With Pagerank, Google took a very different approach. Instead of considering each page in isolation, they examined the link structure of the entire web and computed a global evaluation of that structure. In other words, they began looking at the entire forest instead of just the individual trees. Google did other things too -- Pagerank is just one of many factors, but this general approach of evaluating information in a global context is fundamental to many of the algorithms. These algorithms made it easier for Google to spot which web sites were actually important, and which were just pretenders. Of course Google isn't perfect, and people can still manipulate rankings to some extent, but it was substantially better than the old way, and good enough to form the foundation of what is now a $174 billion dollar company.

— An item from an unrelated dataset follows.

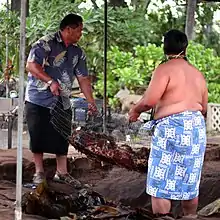 Antes de cocinarlos, los cerdos y perros se sacrificaban estrangulándolos o asfixiándolos, para conservar su sangre.[10] La carne se preparaba aplanando el animal destripado entero y asándolo sobre carbones, o espetado.[10] Los animales mayores, como gallos, cerdos y perros, se cocinaban típicamente en hornos de tierra, o espetados sobre el fuego durante banquetes ceremoniales.[11][10] Los hornos de tierra hawaianos, llamados imu, combinan el asado y la cocción al vapor en un método llamado kālua. Se cava un hoyo en la tierra y se forra con rocas volcánicas y otras que no se rompan cuando se calienten a altas temperaturas, como el granito.[12] Se hace fuego con brasas, y cuando las rocas estén al rojo se retiran estas y se introducen los alimentos envueltos en hojas de ti, jengibre o plátano, se cubre con hojas húmedas, esteras y una capa de tierra. Puede añadirse agua a través de un tubo de bambú para producir vapor. El intenso calor de las piedras calientes cocina la comida perfectamente, pudiendo cocinarse comida para varios días de una sola vez, sacándose y consumiéndose lo que se necesita, cambiándose la cubierta para mantener el resto caliente.[7] Las batatas, el taro, el árbol del pan y otras verduras se cocinaban en el imu, así como pescado. Los congrios se salaban y secaban antes de hacerse en el imu.[13] Los pollos, cerdos y perros se ponían en el imu con rocas calientes en la cavidad abdominal.[7] Los hombres realizaban todo el proceso, y la comida para las mujeres se hacía en un imu separado (hombres y mujeres tomaban sus comidas por separado). La antigua costumbre de cocinar con el imu sigue conservándose.[14]

Last week I wrote about Facebook gathering similar information about people. By collecting information about people and the links between them, they can start to get a global view of the human "forest". Unfortunately, based on many of the responses, that post wasn't very well written. A lot of people focused on how annoying Facebook applications are (true), how search results limited to your friends would be useless (also true), or other things completely unrelated to my point. A few people mentioned that Facebook hasn't done anything useful with this data, which is actually a good point, but I think that has more to do with Facebook and the newness of the data than it does with the value of the data. After all, the web was around for many years before Google came along and started profitably mining the link structure.

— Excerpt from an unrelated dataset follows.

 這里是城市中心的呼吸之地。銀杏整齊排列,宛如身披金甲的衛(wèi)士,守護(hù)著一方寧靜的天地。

Will Facebook ever do anything useful with the human link data? I have no idea, and it's not particularly important to me. However, I'm confident that SOMEONE will begin mining this data, and that it could ultimately be more valuable than the link data from the web. Facebook is a convenient example because they happen to have a head start on collecting the data, but others might be the first to actually profit from it. Google, in particular, is much better at data mining and also has quite a bit of human link data (from Gmail and Orkut). Microsoft+Yahoo will also have a nice data set, though I doubt that they will know what to do with it. Of course none of this data is perfectly clean and noise-free, but real data never is -- the web certainly isn't.